This charming mosaic patchwork huswife, sometimes called a Hussif or Housewife, is a wonderful example of the different domestic objects that used patchwork and quilting as decoration. Intended for the storage of sewing equipment, these useful holders contained multiple pockets to keep small items separate and were also handy for travelling as they could be rolled up and tied when in transit, keeping everything conveniently in place. This particular example is unusual for its decorative diamonds design, its embroidered dedication and the intended recipient of the piece. 

The mosaic patchwork diamonds have been pieced together from roller printed dress cottons from the 1840s and 1850s and edged with a vibrant blue silk which also decorates the pointed serrated edges of the pockets. The semi-circles of felted wool fabric intended for needle storage look like uniform material and show signs of moth damage at some point in the past. The fabrics are quite grubby and colours have faded, but certain areas that have been less exposed show the pinks and purples were originally much brighter.  
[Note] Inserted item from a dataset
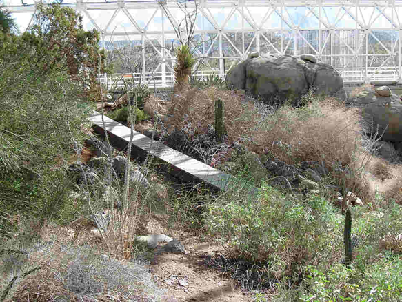 바이오스피어 2는 1991년에 개장된 거대한 밀폐형 생태계 실험시설로, 지구의 다양한 생물권을 축소해 재현한 공간이었다. 이 안에는 열대우림, 사막, 해양 등 여러 생물권(biome)이 인공적으로 유지되고 있었다. 그중 ‘안개 사막(Fog Desert)’ 구역에서는 선인장과 관목, 그리고 몇 종의 나무들이 자라고 있었다.

The cross-stitched dedication ‘By Sarah Iles for Edward Buckler 1856’ give us a maker, recipient and date, and tell us this was made as a gift, perhaps for a specific occasion. A location would have been useful (sadly not included), but initial research did yield a few speculative results. A male recipient is more unusual and could have indicated a profession where portable sewing kits were useful or standard issue such as a sailor or member of the armed forces. There was an Edward Buckler born in Poole, Dorset in 1822, who was awarded a Mate’s Certificate of Service in 1855 for 22 years in the Merchant Navy on both coastal and foreign trades. So far it hasn’t been possible to verify the relationship between Edward and Sarah Iles but she could have made this as a gift to commemorate his service around this time.